— The issue presented here is whether a plaintiff seeking damages for personal injuries is entitled to disclosure, by way of pretrial examination or discovery, of information as to defendant’s financial worth or condition on the issue of exemplary or punitive damages.
Plaintiffs argue that such information is germane with respect to their claim for punitive damages. We are here concerned only with whether or not such information is properly within the scope of discovery proceedings as distinct from determining the admissibility of such evidence at trial.
Plaintiffs have called to our attention two lower court decisions in Pennsylvania which have permitted such discovery: Judson v. Tracey, 25 D. & C. 2d 97 (1961), and Shor v. Redden, 33 D. & C. 2d 179 (1964). While both of those cases were actions in trespass, neither one involved claims for personal injuries due to motor vehicle collisions. In Judson, plaintiff claimed both compensatory and punitive damages based upon defendant’s alleged malicious assault and battery, and, in Shor, similar damages weresought from a defendant allegedly resulting from her living in an adulterous relationship with plaintiff’s husband.
Under proper circumstances, punitive damages may be recoverable in claims arising out of motor vehicle collisions (Focht v. Rabada, 217 Pa. Superior Ct. 35, 268 A. 2d 157 (1970)); however, we are inclined to agree with the opinion expressed by President Judge Sweet in Avolia v. Hesslink, 49 Wash. Co. 11 (1968), that instances of reported cases of recovery are rare.
It seems appropriate to inquire as to whether the matters pursued here would be admissible at trial, bearing in mind that exemplary damages are not to *342be considered as a reward for the offended party but rather to punish the offender for the latter’s outrageous conduct.

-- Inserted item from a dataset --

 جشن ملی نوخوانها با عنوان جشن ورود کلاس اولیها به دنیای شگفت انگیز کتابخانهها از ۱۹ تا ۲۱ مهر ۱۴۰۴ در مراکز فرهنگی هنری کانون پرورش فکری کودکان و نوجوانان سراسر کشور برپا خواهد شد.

Aside from the oft-repeated statement that punitive damages are not to be disproportionate to compensatory damages, reported authority seems sparse on the question of what evidence is admissible at trial in support of a claim for punitive damages, and specifically whether or not defendant’s assets, financial circumstances, net worth and the like are pertinent. Thus, in Hughes v. Babcock et al., 349 Pa. 475, 37 A. 2d 551 (1944), the court said:
‘Although there is no fixed rule governing the amount which should be awarded as exemplary damages, it must not be disproportionate to the award of compensatory damages, (citing cases) ... in determining the amount of punitive damages, not merely the act itself must be considered, but all of the surrounding circumstances, including the motives of the wrongdoer, and the relations between the parties.”
The aforequoted section was recently cited with approval by the Supreme Court in Chambers v. Montgomery, 411 Pa. 339, 192 A. 2d 355 (1963).

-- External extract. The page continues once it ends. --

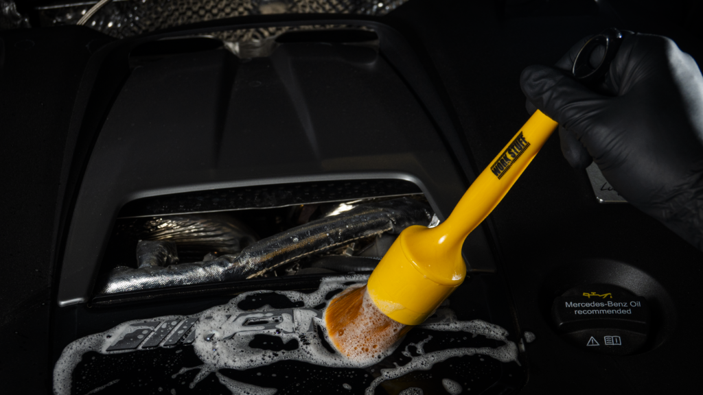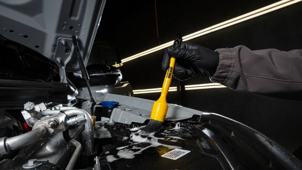 - Кисть с жёстким ворсом для устранения стойких загрязнений в моторном отсеке

Even assuming that the possibility exists that the facts of the instant case might justify punitive damages, at this juncture, with the exception of the bald averments of the complaint, there is nothing else of record substantiating such claim; consequently, we will prohibit such inquiry.

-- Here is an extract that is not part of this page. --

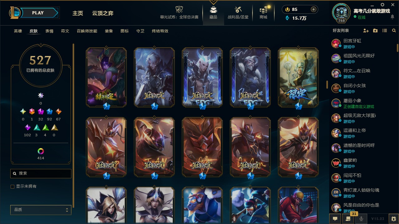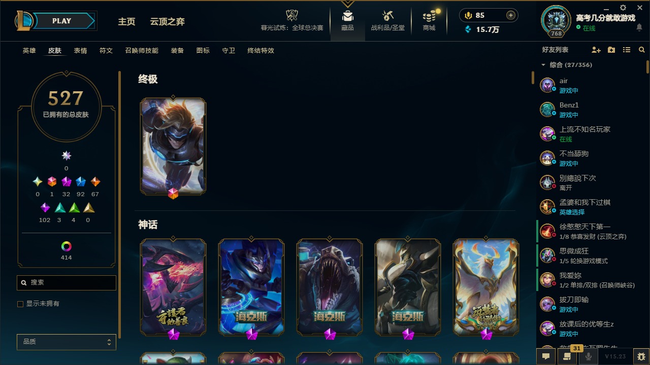 【92083】1终极 32神话 92限定 67传说 102史诗 527皮肤 458炫彩 172英雄 可二次 可修改实名 【至臻】:至臻 腥红之月 亚托克斯(2022),至臻 未来战士 锤石(2022),至臻 K/DA 伊芙琳(2022),至臻 黑夜使者 李青(2022),至臻 心之钢 永恩,至臻 K/DA 伊芙琳,至臻 K/DA 卡莎,至臻 腥红之月 亚托克斯,至臻 电玩女神 凯特琳,至臻 未来

We believe that the pitfalls and abuses that could result by opening the door to discovery of this nature exceed the benefits that could be derived therefrom. To permit discovery of assets on the basis of averments in a complaint would permit every plaintiff to routinely plead exemplary damages in automobile cases with consequential harassment, possible inva*343sion of privacy and other deleterious effects on defendants. In our view, that would violate the spirit and intent of discovery proceedings.
ORDER
And now, October 17, 1972, after argument, defendant’s objections to plaintiffs’ interrogatories are sustained and plaintiffs’ rule issued on September 1, 1972, is discharged.